6.2. Sedentary & Lightly Active Minutes

#data for moderately_active & very_active minutes
active_minutes <- daily_activity_usage %>% 
  group_by(usage) %>% 
  summarise(very_active = mean(very_active_minutes),
            fairly_active = mean(fairly_active_minutes)) %>% 
  mutate(usage = factor(usage, level = c('High Use', 'Moderate Use', 'Low Use'))) %>% 
  pivot_longer(cols =2:3, names_to="category",values_to='minutes') 
head(active_minutes)

##data for sedentary & lightly_active minutes
light_minutes <- daily_activity_usage %>% 
  group_by(usage) %>% 
  summarise(lightly_active = mean(lightly_active_minutes)/60,
            sedentary = mean(sedentary_minutes)/60) %>% 
  mutate(usage = factor(usage, level = c('High Use', 'Moderate Use', 'Low Use'))) %>% 
  pivot_longer(cols =2:3, names_to="category",values_to='hours')
head(light_minutes)

#comparison of sedentary minutes & lightly active minutes
ggarrange(
  ggplot(light_minutes, aes(fill=category, y= hours, x=usage)) + 
    geom_bar(position="stack", stat="identity")+
    scale_fill_manual(values = c("#00BFC4","#C77CFF"))+
    theme(axis.text.x = element_text(size = 11, angle = 0, hjust = 0.5, vjust = 1))+
    theme(legend.position = "top")+
    labs(x="" , y="Hours")+
    ggtitle("Comparison of Average Light Minutes", "By Usage Groups, Activity Levels"),
  
  ggplot(active_minutes, aes(fill=category, y= minutes, x=usage)) + 
  geom_bar(position="stack", stat="identity")+
  scale_fill_manual(values = c('#F8766D',"#7CAE00"))+
  theme(axis.text.x = element_text(size = 11, angle = 0, hjust = 0.5, vjust = 1))+
  theme(legend.position = "top")+
  labs(x="" , y="Minutes")+
  ggtitle("Comparison of Average Active Minutes", "By Usage Groups, Activity Levels"), ncol = 2
) 
options(repr.plot.width = 14, repr.plot.height = 10)

Observations:

'High Use' participants are exceptionally active, with 40 mins of daily active minutes. Compared to 14 mins for 'Moderate' participants and 10 mins for 'Low Use' participants.
Likewise 'High Use' participants are considerably less sedentary with 19 hours of light minutes. Compared to approximately 21 hours for both 'Moderate' and 'Low Use' participants.
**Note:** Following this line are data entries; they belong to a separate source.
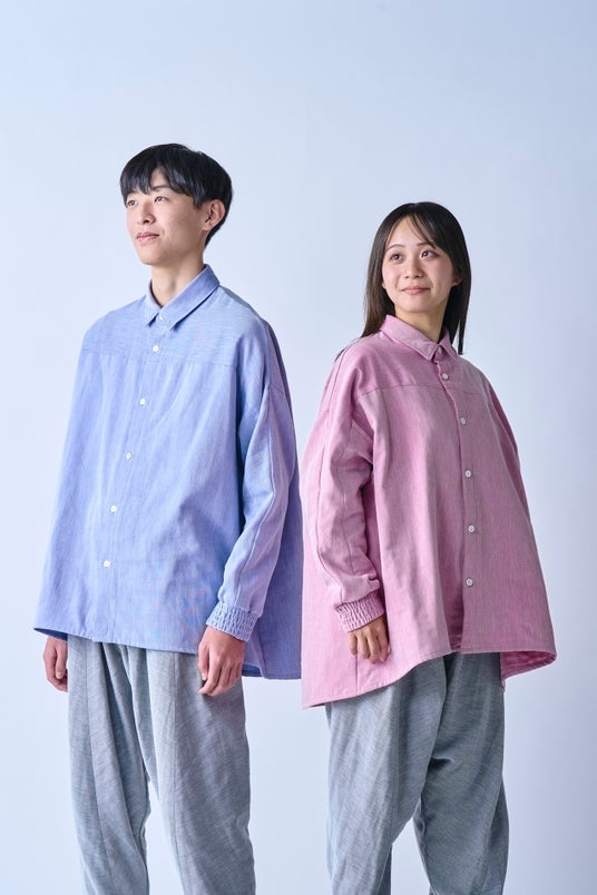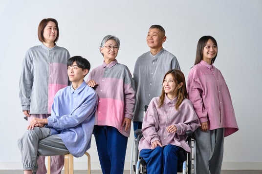 年齢・性別・体型や障がいの有無を問わず誰もが着られるデザインと、留め具などを選択できる柔軟性を備え、自社開発のガーゼ生地で提供。令和7年2月21日に発表会を開催し、今春より販売開始。
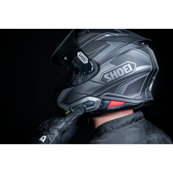 The SRL-EXT fits the SHOEI NXR2-motorcycle helmet seamlessly. The shape of the intercom module and the external battery are bent in order to support the outer curvature of the motorbike helmet. You can choose between an attachment with self-adhesive material or a clamping system.
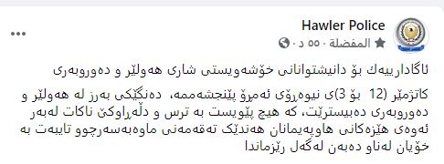 پۆلیسى ههولێر پهیامهكهى له تۆڕى كۆمهڵایهتى فهیسبووك بڵاوكردووهتهوه ئهمه دهقهكهیهتى:
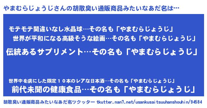 | 意味不明あだ名 | 『とにかく怪しいやまむらじょうじ』 |
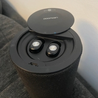 Bluetooth kajari, jossa on kuulokkeet mukana. Toisesta kuulokkeesta on pehmuste hävinnyt.

6.3. Fairly Active & Very Active Minutes by Day, Usage Groups

#data for fairly_active & very_active minutes
active_minutes2 <- daily_activity_usage %>% 
  group_by(day, usage) %>%   
  summarise(fairly_active = mean(fairly_active_minutes),
            very_active = mean(very_active_minutes)) %>%  
  pivot_longer(cols =3:4, names_to="category",values_to='minutes') %>% 
  mutate(day = factor(day, level = c('Mon', 'Tue', 'Wed','Thu', 'Fri', 'Sat', 'Sun'))) 
head(active_minutes2)

#comparison of active minutes between usage types

ggplot(active_minutes2,aes(day,minutes, fill = usage))+ 
  geom_col()+
  theme(axis.text.x = element_text(size = 11, angle = 60, hjust = 1, vjust = 1))+
  theme(legend.position = "top")+
  labs(x="Days" , y="Hours")+
  ggtitle("Comparison of Lightly Active Mins", "By Groups, Days and Levels") +
  facet_grid(category ~ usage)

Observations:

'High Use' participants display consistent patterns of active minutes on each day of the week, more intense at the start of the week (Mon - Tues).
'Low Use' and 'Moderate' use participants do not follow consistent patterns of active minutes. 'Low Use' participants are hardly active on Sundays.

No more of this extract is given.